The word "autophagy" was in existence and frequently used from the middle of the 19th century.[13] In its present usage, the term autophagy was coined by Belgian biochemist Christian de Duve in 1963 based on his discovery of the functions of lysosome.[3] The identification of autophagy-related genes in yeast in the 1990s allowed researchers to deduce the mechanisms of autophagy,[14][15][16][17][18] which eventually led to the award of the 2016 Nobel Prize in Physiology or Medicine to Japanese researcher Yoshinori Ohsumi.[19]
History
Autophagy was first observed by Keith R. Porter and his student Thomas Ashford at the Rockefeller Institute. In January 1962 they reported an increased number of lysosomes in rat liver cells after the addition of glucagon, and that some displaced lysosomes towards the centre of the cell contained other cell organelles such as mitochondria. They called this autolysis after Christian de Duve and Alex B. Novikoff. However Porter and Ashford wrongly interpreted their data as lysosome formation (ignoring the pre-existing organelles). Lysosomes could not be cell organelles, but part of cytoplasm such as mitochondria, and that hydrolytic enzymes were produced by microbodies.[20] In 1963 Hruban, Spargo and colleagues published a detailed ultrastructural description of "focal cytoplasmic degradation", which referenced a 1955 German study of injury-induced sequestration. Hruban, Spargo and colleagues recognized three continuous stages of maturation of the sequestered cytoplasm to lysosomes, and that the process was not limited to injury states that functioned under physiological conditions for "reutilization of cellular materials", and the "disposal of organelles" during differentiation.[21] Inspired by this discovery, de Duve christened the phenomena "autophagy". Unlike Porter and Ashford, de Duve conceived the term as a part of lysosomal function while describing the role of glucagon as a major inducer of cell degradation in the liver. With his student Russell Deter, he established that lysosomes are responsible for glucagon-induced autophagy.[22][23] This was the first time the fact that lysosomes are the sites of intracellular autophagy was established.[3][24][25]

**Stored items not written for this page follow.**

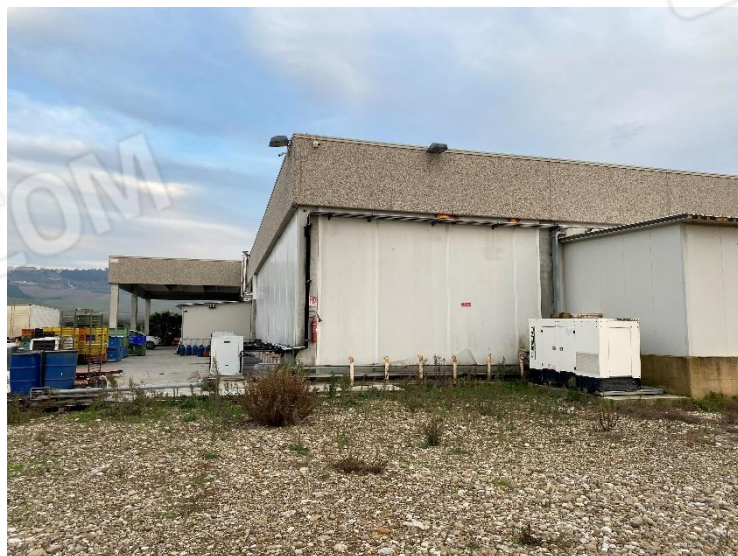
7. Facciata lato celle frigo (Nord-Ovest).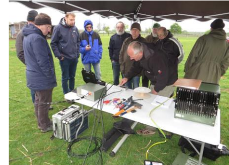
Antennentesttag (Homepage H24)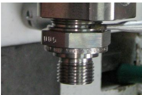
Abb.3 Montage der Eintrittskörpers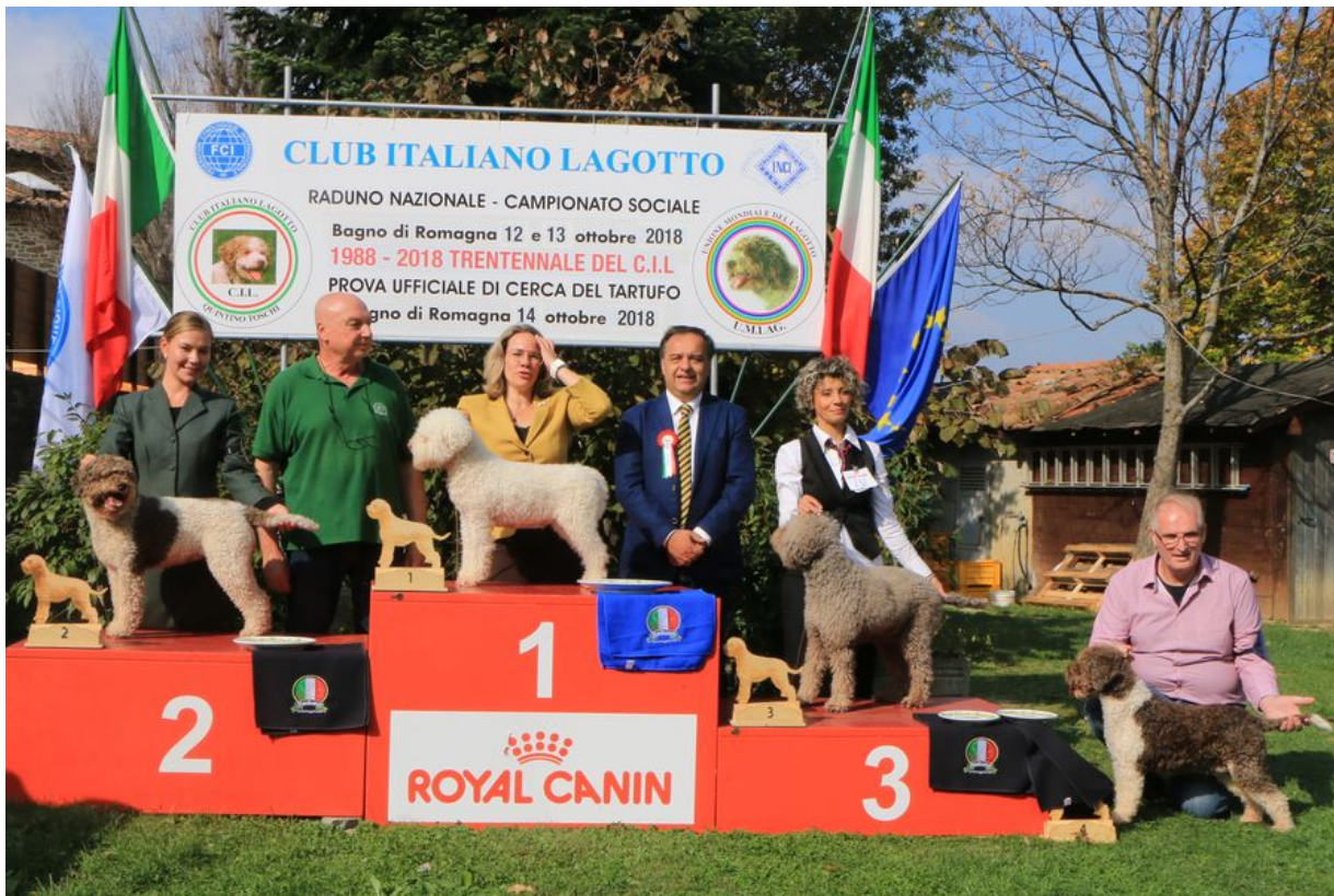
Blixtra Alberta 2a i veteranklass.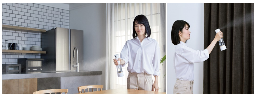
使用シーンイメージ

従来から使用されている多くの除菌・消臭スプレーは薬剤やアルコールを含むため人体への影響が危惧されています。新発売のトレビ・クリアゼロは、オゾンの空気を浄化する自然由来の酸化作用に着目し、においや菌の原因物質を瞬時に除菌・消臭するオゾン水を生成します。オゾン水はご使用後に自然に水と酸素に変わるため、残留性もなく無害で安全でありながら、薬品やアルコールを使用せず、ご自宅の水道水と電気だけで繰り返し生成でき、経済的で環境にもやさしい商品です。キッチンやリビング、バス・トイレや玄関の空間はもちろん、カーテン・カーペットのような布製品、においが気になる靴・ブーツや下駄箱の消臭、まな板・包丁といった衛生面で気を付けたいアイテムなど家中の除菌・消臭にお使いいただけます。

In the 1990s several groups of scientists independently discovered autophagy-related genes using the budding yeast. Notably, Yoshinori Ohsumi and Michael Thumm examined starvation-induced non-selective autophagy;[15][16][17] in the meantime, Daniel J. Klionsky discovered the cytoplasm-to-vacuole targeting (CVT) pathway, which is a form of selective autophagy.[14][18] They soon found that they were in fact looking at essentially the same pathway, just from different angles.[26][27] Initially, the genes discovered by these and other yeast groups were given different names (APG, AUT, CVT, GSA, PAG, PAZ, and PDD). A unified nomenclature was advocated in 2003 by the yeast researchers to use ATG to denote autophagy genes.[28] The 2016 Nobel Prize in Physiology or Medicine was awarded to Yoshinori Ohsumi,[19] although some have pointed out that the award could have been more inclusive.[29]
The field of autophagy research experienced accelerated growth at the turn of the 21st century. Knowledge of ATG genes provided scientists more convenient tools to dissect functions of autophagy in human health and disease. In 1999, a landmark discovery connecting autophagy with cancer was published by Beth Levine's group.[30] To this date, relationship between cancer and autophagy continues to be a main theme of autophagy research. The roles of autophagy in neurodegeneration and immune defense also received considerable attention. In 2003, the first Gordon Research Conference on autophagy was held at Waterville.[31] In 2005, Daniel J Klionsky launched Autophagy, a scientific journal dedicated to this field. The first Keystone Symposia on autophagy was held in 2007 at Monterey.[32] In 2008, Carol A Mercer created a BHMT fusion protein (GST-BHMT), which showed starvation-induced site-specific fragmentation in cell lines. The degradation of betaine homocysteine methyltransferase (BHMT), a metabolic enzyme, could be used to assess autophagy flux in mammalian cells.
Macro, micro, and Chaperone mediated autophagy are mediated by autophagy-related genes and their associated enzymes.[11][12][33][34][35] Macroautophagy is then divided into bulk and selective autophagy. In the selective autophagy is the autophagy of organelles; mitophagy,[36] lipophagy,[37] pexophagy,[38] chlorophagy,[39] ribophagy[40] and others.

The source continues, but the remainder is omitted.